Computer-generated imagery (CGI) is amazing, but there’s no substitute for live filming. However, human-operated equipment can’t deliver the explosive speed and acceleration needed in today’s cutting-edge action films. When Mega Trax set out to build a robotic camera dolly that could travel at high speed and in harsh conditions, without compromising quality and reliability, it found that Elmo had the high-power servo drives they needed to make it happen.
Read this case study to learn how:
- Ultra-compact, highest-power servo drives enable high-speed, reliable action film shots
- Advanced tuning, filtering and scheduling options provide enhanced dynamic performance
- Elmo Application Studio EASII software tools make setup and tuning simple
- A Windows-based application enables users to quickly and simply configure the servo drive for their motor
The Mega Trax design team faced significant challenges. Feature film cameras can weigh nearly 100 pounds and they travel along rails on a dolly that itself can weigh several hundred pounds. The motion needs to be fast, smooth, and repeatable so that the director can shoot the scene several times if needed.
In order to maintain motion quality, the team wanted to power each dolly wheel with a dedicated, high-power servo drive. The challenge was finding a solution that could deliver explosive acceleration while maintaining tightly synchronized operation among multiple drives to prevent shakiness in the shot. In addition, the solution needed to be portable, so the drives had to be compact, lightweight and efficient enough to enable a reasonable battery lifetime.
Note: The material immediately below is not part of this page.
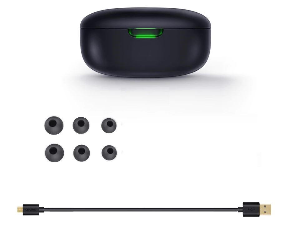Contents of the package: 2x earphones, 1x case, 6x silicone tips, 1x charging cable

The solution also had to be easy to customize and learn. Filmmakers operate on tight budgets and even tighter shooting schedules — there’s no time to program the motion for each shot. Finally, the solution needed to be robust enough to survive the conditions of outdoor filming, including temperature extremes, dust and dirt, moisture, shock, vibration, and more.
The Mega Trax design team chose the Gold Drum HV servo drive from Elmo Motion Control to meet their complex needs, installing one drive to power each of the dolly’s four wheels. Each Gold Drum HV servo drive can handle up to 100A/800V and can deliver more than 65kW of continuous output.
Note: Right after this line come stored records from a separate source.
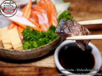 นั่งชิลล์รอเพื่อนกันสักพักก็เริ่มสั่งอาหารเมนูจานแรกที่มาเสิร์ฟคือ "หอยนางรมญี่ปุ่นสดเสิร์ฟพร้อมพอนสึ" ชุดนึงเสิร์ฟให้ 3 ตัวราคา 148 บาท (ตกราคาตัวละ 49 บาท) หอยนางรมสดเนื้อสีขาวเป็นครีมมันไร้กลิ่นคาวทานคู่กับซอสพอนสึรสเปรี้ยว+เค็มท๊อบปิ้งด้วยหัวไชเท้า/ต้นหอมและต้นหอมญี่ปุ่นให้ความหวานสดชื่น หากอยากได้รสชาติของหอยเต็มๆในชุดมีเลมอนให้บีบลงบนตัวหอยแล้วรับประทานได้ทันที พื้นฐานของวัตถุดิบดีอยู่แล้วทานแบบไหนก็ดึงความอร่อยออกมาได้อย่างเต็มที่ เมนูต่อมาคือจานสามัญประจำร้าน Izakaya คือ "หมึกวาซาบิ" ราคา 98 บาท เป็นปลาหมึกหั่นมาชิ้นใหญ่กว่าร้านอื่นเล็กน้อยดองกับหัววาซาบิกรุบกรอบรสชาติเค็มอ่อนๆไม่ติดขม วาซาบิที่ใช้ในจานนี้เป็นแบบขูดสดจึงทำให้หอมสดชื่นกว่าที่อื่น อีกทั้งยังสามารถกำหนดความเผ็ดขึ้นจมูกได้เอง เช่นทานเผ็ดน้อยก็ตักออกก่อนคลุกทุกอย่างในชามให้เข้ากันแล้วทาน ได้ความเผ็ดถูกใจในระดับที่พอดีแบบนี้ไม่เหมือนใครดีครับผม
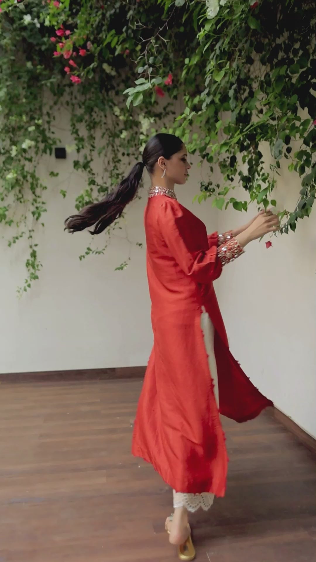 The thigh high slits on the sides, gives enticing glimpses of the absolutely flattering wide leg pants.
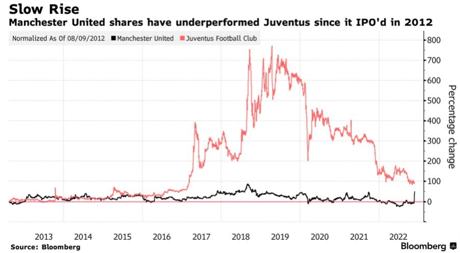 这一表现也与欧洲足球巨头尤文图斯足球俱乐部形成鲜明对比。同期,尤文图斯在意大利股市上市的股票回报率超过了90%。即使经过本周大涨,曼联自IPO以来仅上涨了约52%,依然落后于美国和欧洲股市的基准指标。

It’s not just the quantity but the quality of motion that counts. The team used the Elmo drives’ built-in intelligence and connectivity to achieve highly synchronized operation of all four axes. The four drives are linked together in a master-slave architecture using EtherCAT/CANopen. Remote connectivity via a mobile device allowed Elmo technicians to optimize performance in real time by tuning the drives on the track.
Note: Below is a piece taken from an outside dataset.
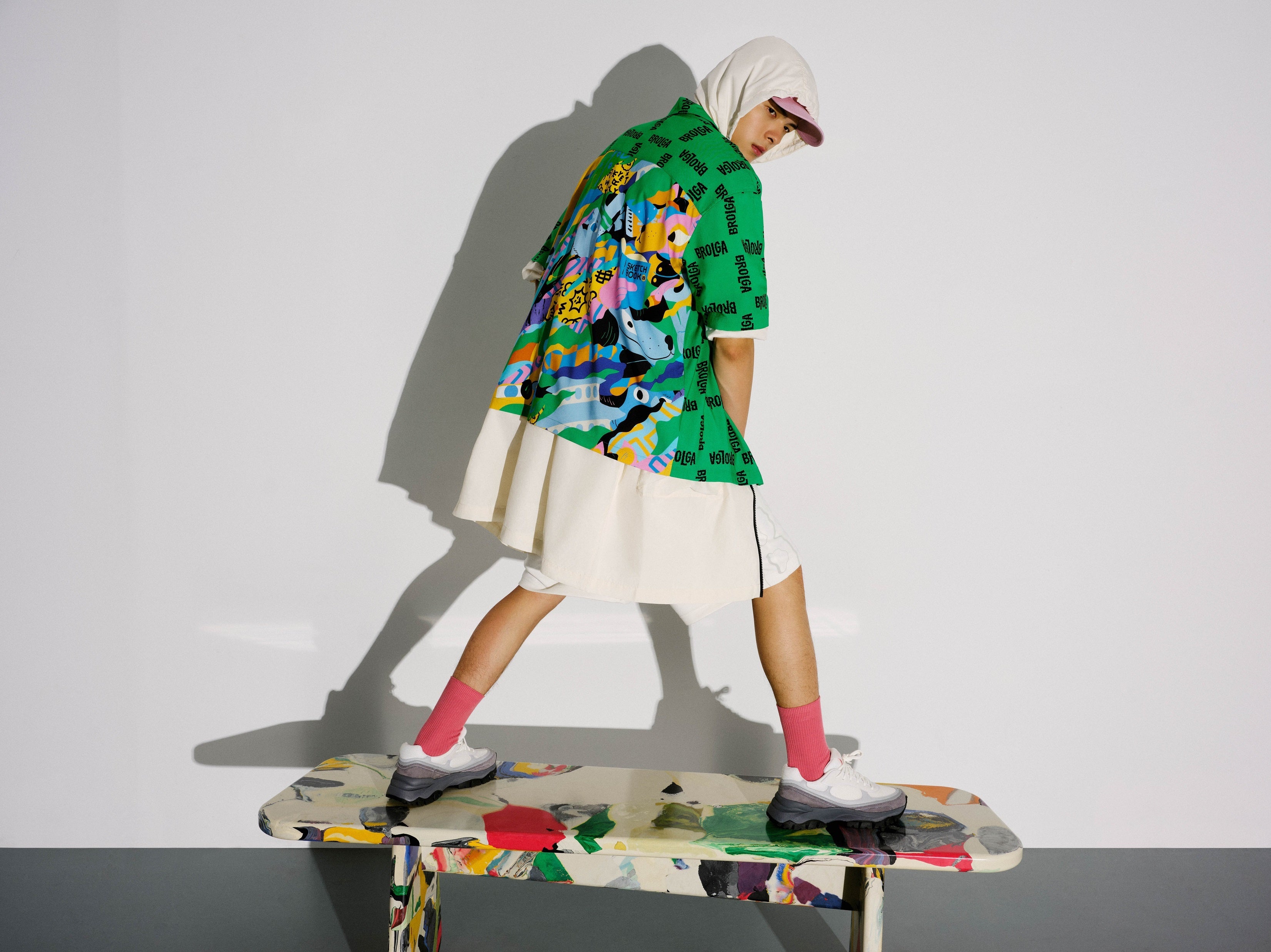 ボクシーTシャツやリゾートシャツなどの定番アイテムは、ルーズフィットでオーバーサイズのアイテムが揃います。カラーパレットは、BROLGAのイラストにインスパイアされたもので、強いアクセントカラーが中心となります。大胆で遊び心のあるプリントの、プレイフルなコレクションです。

The Mega Trax team used Elmo Application Studio II (EASII) motion design software to create a flexible, user-friendly programming environment where users can create and implement motion, and intuitively program Elmo’s servo drives. “I loved the online tool that provides EASII software training with a live video link to a real machine—it allowed me to personally perform a quick tune on our motors to get everything rolling,” says David Kuklish, Co-founder and VFX Supervisor, Mega Trax. The EASII motion design software tool also provides accurate mechanical plant transfer functions; 1D, 2-D, and 3D error mapping and corrections; drive feedback emulation; and corrective servo tuning features.
Using Elmo’s servo drives and software, Mega Trax developed the MX 500 semi-autonomous, high-speed robotic dolly system. The compact, high-power servo drives allow the MX 500 to accelerate cameras to speeds of >90 mph in seconds and operate over terrain with grades of up to 60%, executing moves repeatedly and reliably, even in rugged conditions. Gold Drum drives operate with efficiencies of up to 99% so the MX 500 can complete up to 50 high-speed, quarter-mile runs per battery charge. “Elmo has a great reputation for precision motion control, so we already had a high level of confidence in the company,” says Howard McCain, co-founder, and CEO of Mega Trax. “Then, we realized that Elmo’s drives were the only ones that could handle our power and motion control requirements.”